Método da Ordem. Cinco etapas, sempre as mesmas, em qualquer pasta.

Como um trabalho começa, como é conduzido e onde termina — do tributo à mina, da energia à sucessão.

A premissa

Método é o que separa um levantamento de uma opinião bem redigida.

O nosso não foi desenhado numa sala de reunião: veio de anos cuidando de patrimônio próprio, onde errar custa do próprio bolso e não há cliente para quem transferir a conta. O que se repetiu virou etapa; o que deu errado virou regra.
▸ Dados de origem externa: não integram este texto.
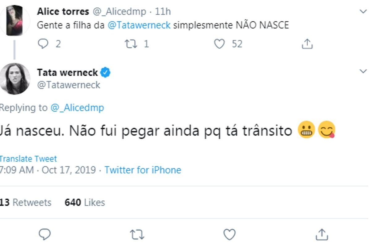 No Twitter, Tatá deu um susto nos seguidores ao responder uma usuária. “Gente, a filha da Tatá Werneck simplesmente NÃO NASCE”, disse a seguidora. Tatá, sem perder o sarcasmo e a piada, prontamente respondeu para a fã. “Já nasceu. Não fui pegar ainda porque tá trânsito”, disse a atriz.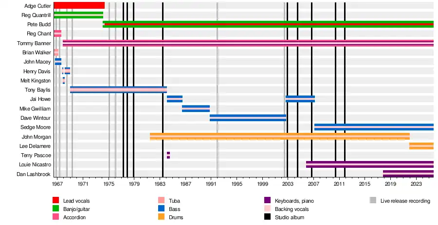 | Adge Cutler | 1966–1974 (died 1974) | lead vocals | all Wurzels releases from Scrumpy & Western (1967) to "Little Darlin'" (1972) | |

A ordem existe para que nenhuma decisão do cliente seja tomada sem a informação que a antecede, e para que nenhuma providência nossa aconteça antes da autorização que a permite. Por isso o trabalho começa por um documento que limita o nosso próprio acesso — não por uma proposta comercial.

as mesmas cinco etapas, nas trinta e nove pastas
  • Tributo e caixa
  • Capital
  • Patrimônio e sucessão
  • Energia e infraestrutura
  • Pessoas e regularidade
  • Obra, ativo e gestão
  • Mercado, produto e imagem

As cinco etapas

Do lado do cliente, cada etapa termina num aviso.

O que você entrega, o que recebe e o que chega ao seu celular quando o tempo se conclui.

Autorização e sigilo

Nada é acessado antes da carta.

Uma carta delimita o que será examinado, por quanto tempo e por quem, e formaliza o sigilo sobre tudo o que for visto. Antes dela, nem os arquivos públicos que qualquer um poderia consultar. Quem define a fronteira do acesso é o cliente, não a nossa curiosidade.

Você entrega

A carta assinada e a procuração restrita às consultas necessárias.

Você recebe

O escopo por escrito: o que entra, o que fica de fora, o prazo.

O aviso

Primeiro aviso: a conta está aberta e o responsável tem nome.

Coleta na fonte oficial

Lemos primeiro o que o Estado lê depois.

Os dados saem das fontes oficiais — Receita, cartórios, agências, bancos, a distribuidora de energia — e não de planilhas internas nem de estimativas. Quando a fonte diverge do controle interno, a divergência já é um achado, e costuma ser dos mais valiosos.

Você entrega

Nada além do que a carta autorizou. Os dados entram uma única vez.

Você recebe

O retrato da empresa como os órgãos a veem, pasta a pasta.

O aviso

Segundo aviso: a coleta fechou; o cruzamento começou.

Parecer com memória de cálculo

O que vale, o que não vale — com o grau de solidez escrito ao lado.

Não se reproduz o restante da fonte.